EXERCISE DATA:
▼

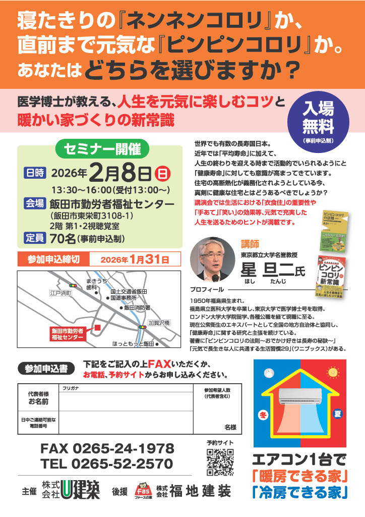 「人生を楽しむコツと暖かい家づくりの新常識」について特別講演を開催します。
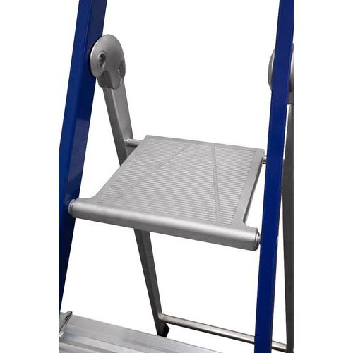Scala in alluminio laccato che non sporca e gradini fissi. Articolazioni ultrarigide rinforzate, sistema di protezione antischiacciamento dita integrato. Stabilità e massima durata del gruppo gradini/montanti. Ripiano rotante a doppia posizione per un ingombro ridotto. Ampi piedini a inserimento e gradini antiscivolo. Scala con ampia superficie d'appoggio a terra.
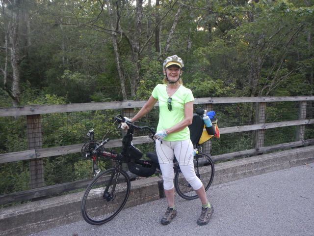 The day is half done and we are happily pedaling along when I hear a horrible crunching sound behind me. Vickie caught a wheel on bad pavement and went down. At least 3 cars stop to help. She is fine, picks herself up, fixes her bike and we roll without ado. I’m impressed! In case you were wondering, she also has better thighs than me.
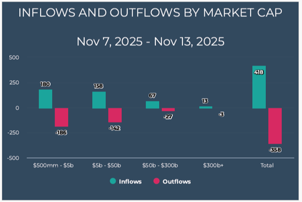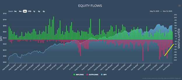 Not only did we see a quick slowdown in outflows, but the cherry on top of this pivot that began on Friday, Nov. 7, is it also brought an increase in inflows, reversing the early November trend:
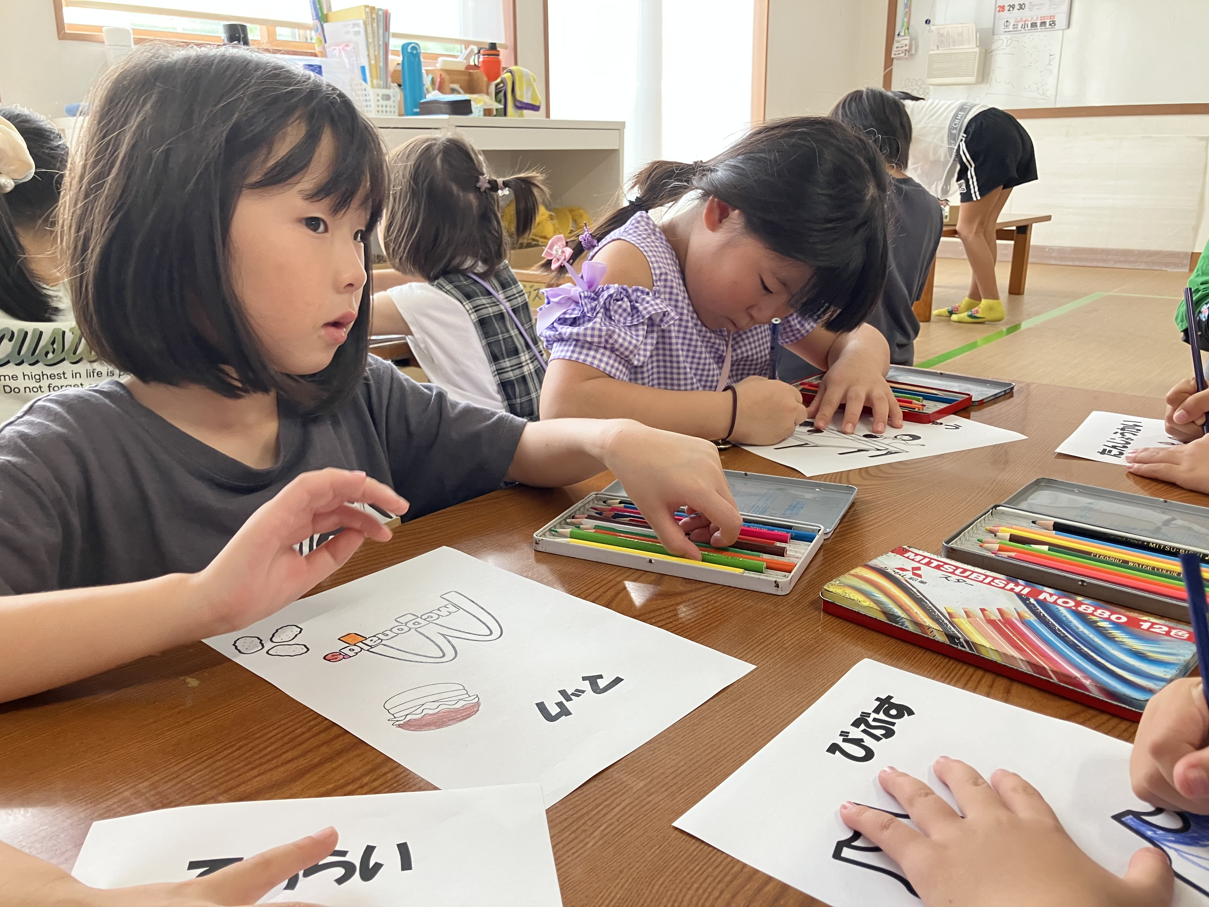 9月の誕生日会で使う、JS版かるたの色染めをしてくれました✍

▲
▼

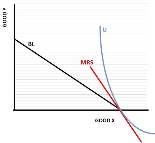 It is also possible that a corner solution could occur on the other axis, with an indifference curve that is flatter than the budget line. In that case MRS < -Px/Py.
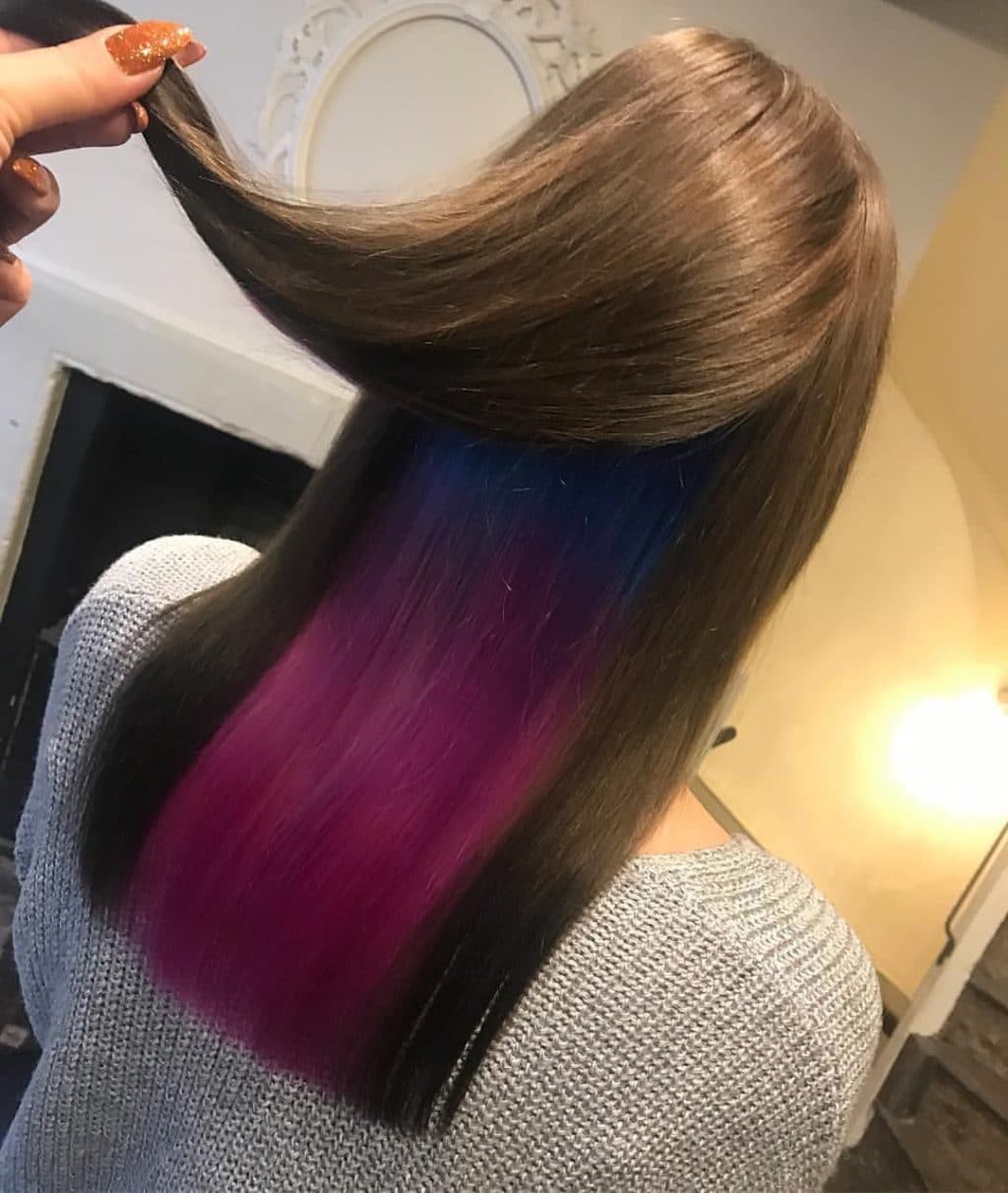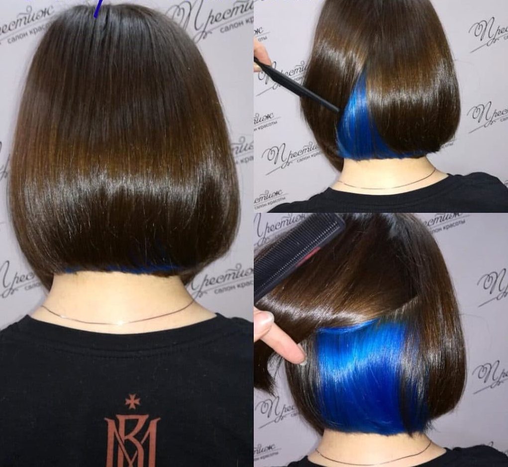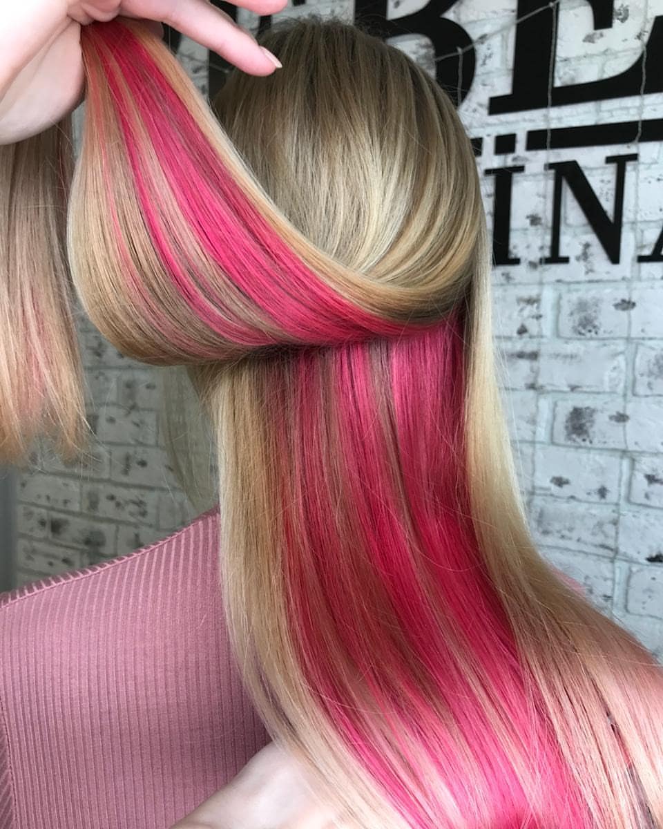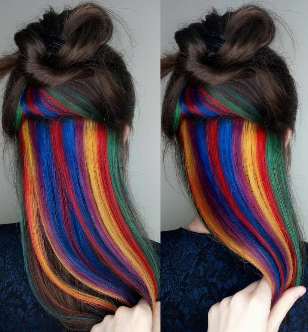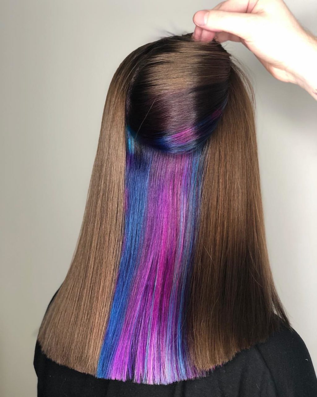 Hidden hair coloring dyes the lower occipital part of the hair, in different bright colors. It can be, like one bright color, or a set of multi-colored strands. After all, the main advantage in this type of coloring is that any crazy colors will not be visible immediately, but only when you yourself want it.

▲

WHAT IS BEING ASKED: Only one part of the material above is wanted: the lines from the one with "Scala in alluminio" up to and including the one with "The day is half". Please copy them exactly, pictures left out.

SOLUTION FOR THIS TASK:
Scala in alluminio laccato che non sporca e gradini fissi. Articolazioni ultrarigide rinforzate, sistema di protezione antischiacciamento dita integrato. Stabilità e massima durata del gruppo gradini/montanti. Ripiano rotante a doppia posizione per un ingombro ridotto. Ampi piedini a inserimento e gradini antiscivolo. Scala con ampia superficie d'appoggio a terra.
 The day is half done and we are happily pedaling along when I hear a horrible crunching sound behind me. Vickie caught a wheel on bad pavement and went down. At least 3 cars stop to help. She is fine, picks herself up, fixes her bike and we roll without ado. I’m impressed! In case you were wondering, she also has better thighs than me.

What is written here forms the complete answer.